Şu anda toplam 6 vagondan oluşan trenlerin, bütün dünyada olduğu gibi esnek bir yapıya kavuşturulması gerekiyor. Gerektiğinde daha büyük veya daha küçük trenler de kullanılabilmeli diye düşünüyorum.
 
Bir diğer arkadaşım da, “Sabah kaç saatte Pendik’e gittiğinden değil, dönüşte akşam kaç saatte eve döndüğünden bahset.” demiş. Dönüş gerçekten zor oldu. Trenden indikten sonra 20 dakika kadar taksi bekledikten sonra, Suadiye ışıklara kadar gelmem tam 60 dakika sürdü. Kilit olmuş trafikten dolayı daha fazla sabredemeyip oradan da eve yürüdüm.
Bu durumda, Pendik İstasyonundan eve dönüş yolculuğu 20+60+20 = 100 dakika sürmüş oluyor. Pendik’ten bu taraflara gelmek, zaman zaman Ankara’dan İstanbul’a gelmekten daha zor olabilir. Kendinizi bir anda Pendik sokaklarında buluyorsunuz ve bırakın toplu taşımayı, taksi bulmak bile hiç kolay bir iş değil… Avrupa’da trenler şehirlerin en merkezi yerinin, en merkezi yerine kadar gelir, bizde de Pendik.
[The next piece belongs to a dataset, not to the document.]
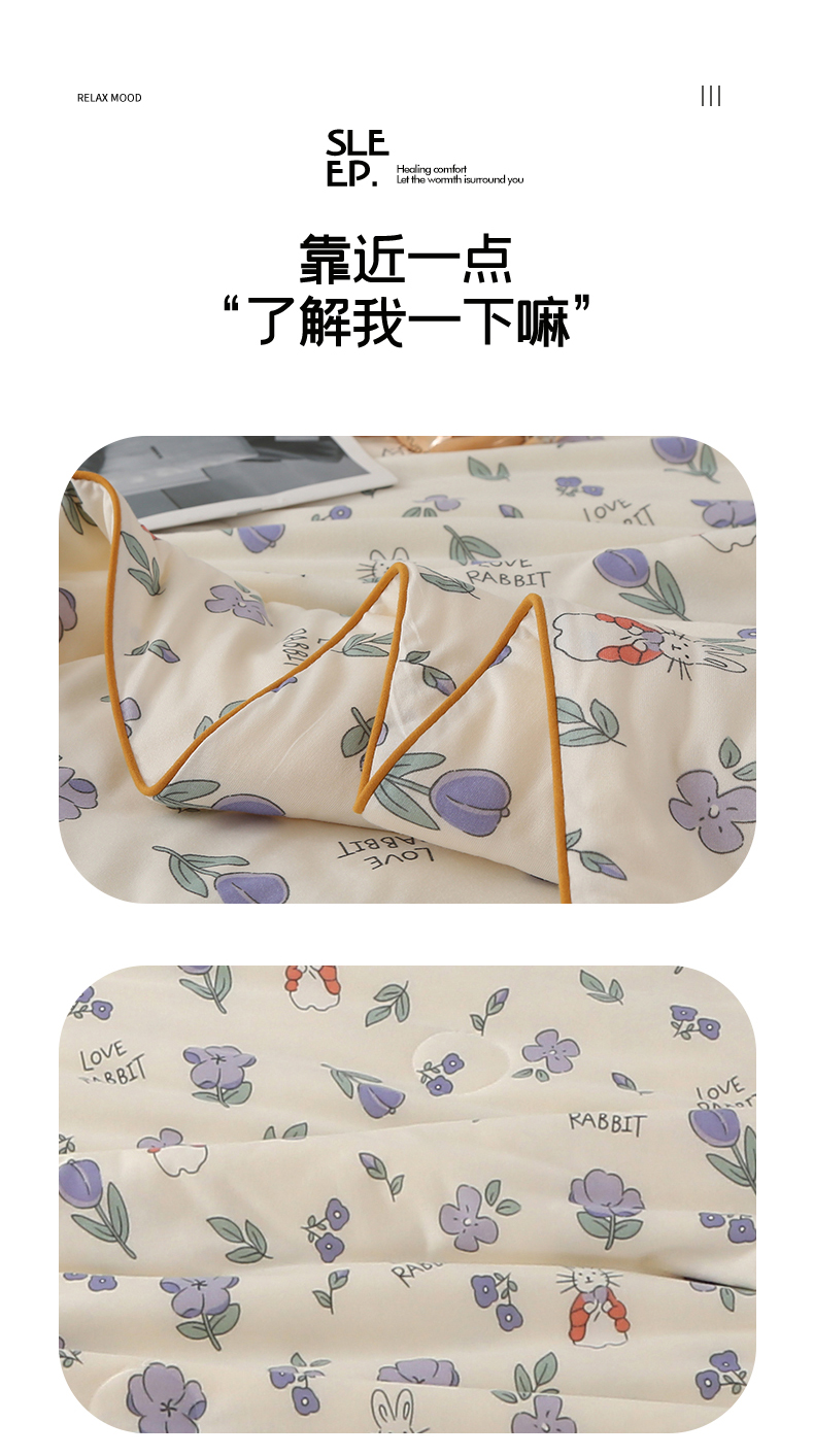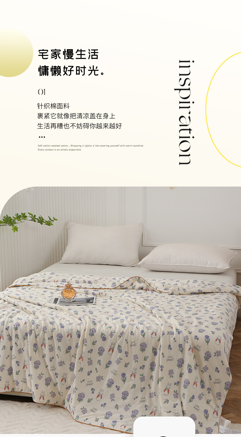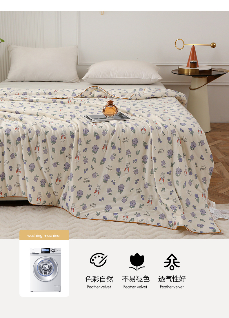 商品名称:薇玛仕 2026新款A类牛奶丝针织棉印花大豆夏凉被空调被儿童被 花间兔

İnternetten bilet alırken olayı çok net anlayamadığım için hem giderken, hem de dönerken trenin hareket yönüne ters olarak oturmak zorunda kaldım. Vagonlardaki koltukların yarısı trenin hareket yönüne, diğer yarısı da ters yöne bakıyor. Bileti doğru almazsanız benim gibi bütün yolu ters yöne bakarak gitmek zorunda kalırsınız.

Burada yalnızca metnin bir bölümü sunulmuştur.